● Dataset content:
# # # #
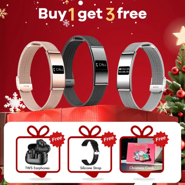 Rogbid Vogue is available in three stylish color options—Radiant Gold, Lunar Silver, and Chrome Shadow—each paired with a matching metal strap for a refined, cohesive look. It is now officially on sale at the Rogbid official store for $59.99. To celebrate the Christmas season, enjoy a special buy-one-get-three-free offer: with every Rogbid Vogue purchase, you’ll receive a Bluetooth earphone valued at $29.99, an extra silicone strap, and a Christmas greeting card.
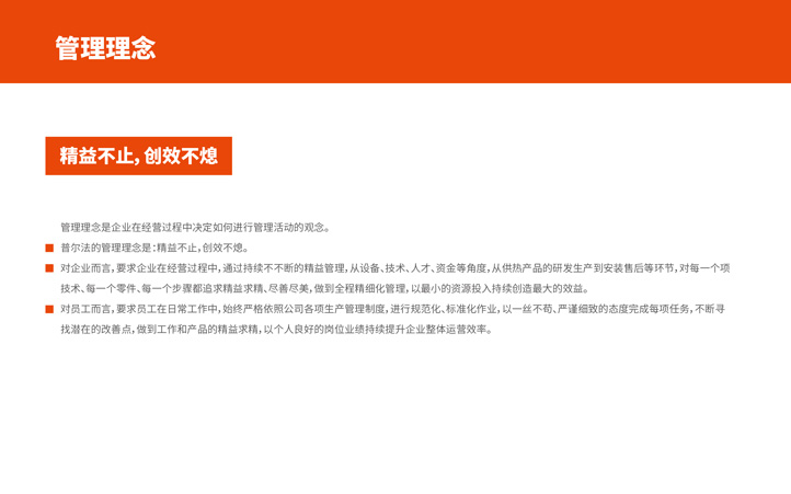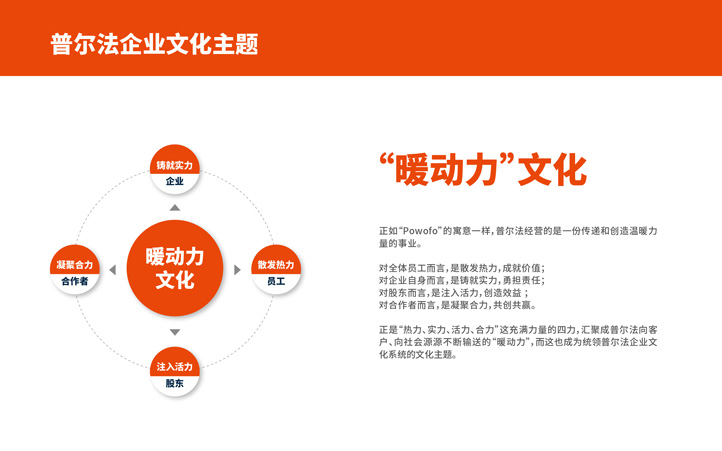 普爾法的企業(yè)文化主題是“‘暖動力’文化”,員工散發(fā)熱力,企業(yè)鑄就實力,股東注入活力,合作者凝聚合力。正如“Powofo”的寓意一樣,普爾法經(jīng)營的是一份傳遞和創(chuàng)造溫暖力 量的事業(yè)。對全體員工而言,是散發(fā)熱力,成就價值;對企業(yè)自身而言,是鑄就實力,勇?lián)熑危粚蓶|而言,是注入活力,創(chuàng)造效益;對合作者而言,是凝聚合力,共創(chuàng)共贏。正是“熱力、實力、活力、合力”這充滿力量的四力,匯聚成普爾法向客戶、向社會源源不斷輸送的“暖動力”,而這也成為統(tǒng)領普爾法企業(yè)文化系統(tǒng)的文化主題。
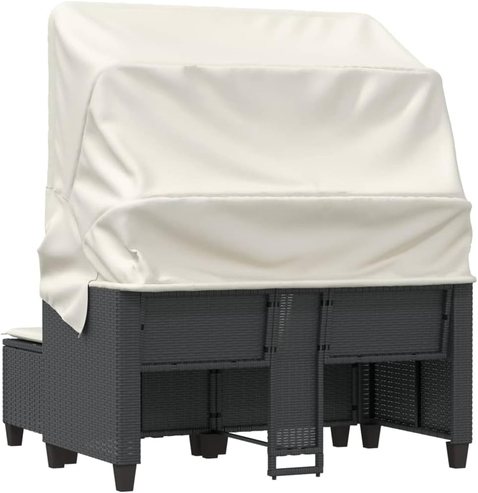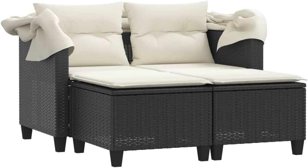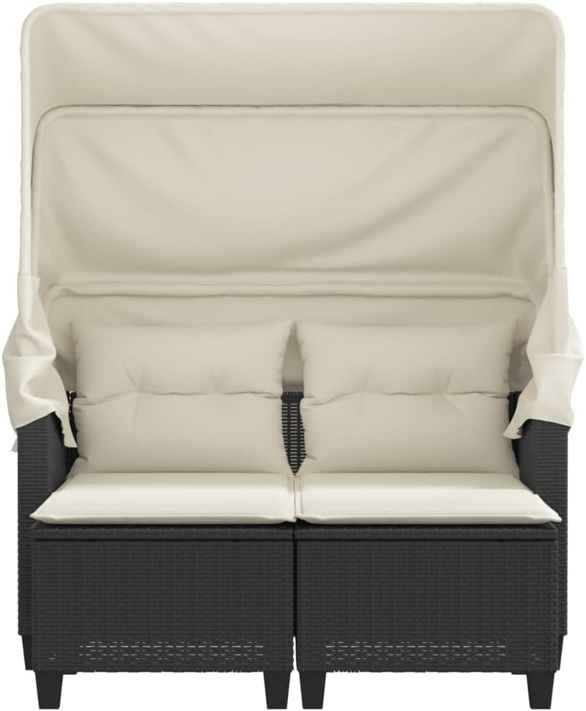 This 2-Seater Garden Sofa with Canopy combines style and practicality, made especially for outside in places like balconies, patios, or gardens. Made from sturdy poly rattan and boasting a sleek, modern design, it's all about providing comfy seating for two, making it an inviting spot to kick back and soak up the outdoors.This garden sofa has adjustable armrests that let you find your perfect lounging angle.Made from weather-resistant materials, it’s built to last even in mixed weather.The modern design perks up your outdoor area, matching well with existing garden styles and decor.Assembly is a breeze with minimal tools needed, giving you the chance to enjoy your new furniture without fuss.The set features removable covers on the cushions, making it dead easy to clean and maintain—ideal for outdoor use.Color: Black Shape: RectangularMaterial: Synthetic Poly RattanFinish: Powder-Coated Indoor/Outdoor: Outdoor OnlyCover Included: YesRoom: Garden and terraceCapacity: N/AMaximum Number of People: 2Maximum Weit: 242 lbsDimensions: 25.6 x 48.4 x 61.0 in (W x L x H)Min-Max Dimensions: 24.4 in - 61.0 inLeg Height: 2.0 inWeight: 58.6 lbsSeat Depth: 23.6 inSeating Capacity: 2Swings: NoDelivery Contains: 1 Garden sofa with canopyAssembly Required: YesRecommended Number of People for Assembly: 2Patio Furniture & Accessories / Patio Seating / Sofas
# # # #
● Exercise brief: Everything from the top line of the data down to and including the line with "普爾法的企業(yè)文化主題" is to be copied, except the pictures.

● Response to this exercise:
 Rogbid Vogue is available in three stylish color options—Radiant Gold, Lunar Silver, and Chrome Shadow—each paired with a matching metal strap for a refined, cohesive look. It is now officially on sale at the Rogbid official store for $59.99. To celebrate the Christmas season, enjoy a special buy-one-get-three-free offer: with every Rogbid Vogue purchase, you’ll receive a Bluetooth earphone valued at $29.99, an extra silicone strap, and a Christmas greeting card.
 普爾法的企業(yè)文化主題是“‘暖動力’文化”,員工散發(fā)熱力,企業(yè)鑄就實力,股東注入活力,合作者凝聚合力。正如“Powofo”的寓意一樣,普爾法經(jīng)營的是一份傳遞和創(chuàng)造溫暖力 量的事業(yè)。對全體員工而言,是散發(fā)熱力,成就價值;對企業(yè)自身而言,是鑄就實力,勇?lián)熑危粚蓶|而言,是注入活力,創(chuàng)造效益;對合作者而言,是凝聚合力,共創(chuàng)共贏。正是“熱力、實力、活力、合力”這充滿力量的四力,匯聚成普爾法向客戶、向社會源源不斷輸送的“暖動力”,而這也成為統(tǒng)領普爾法企業(yè)文化系統(tǒng)的文化主題。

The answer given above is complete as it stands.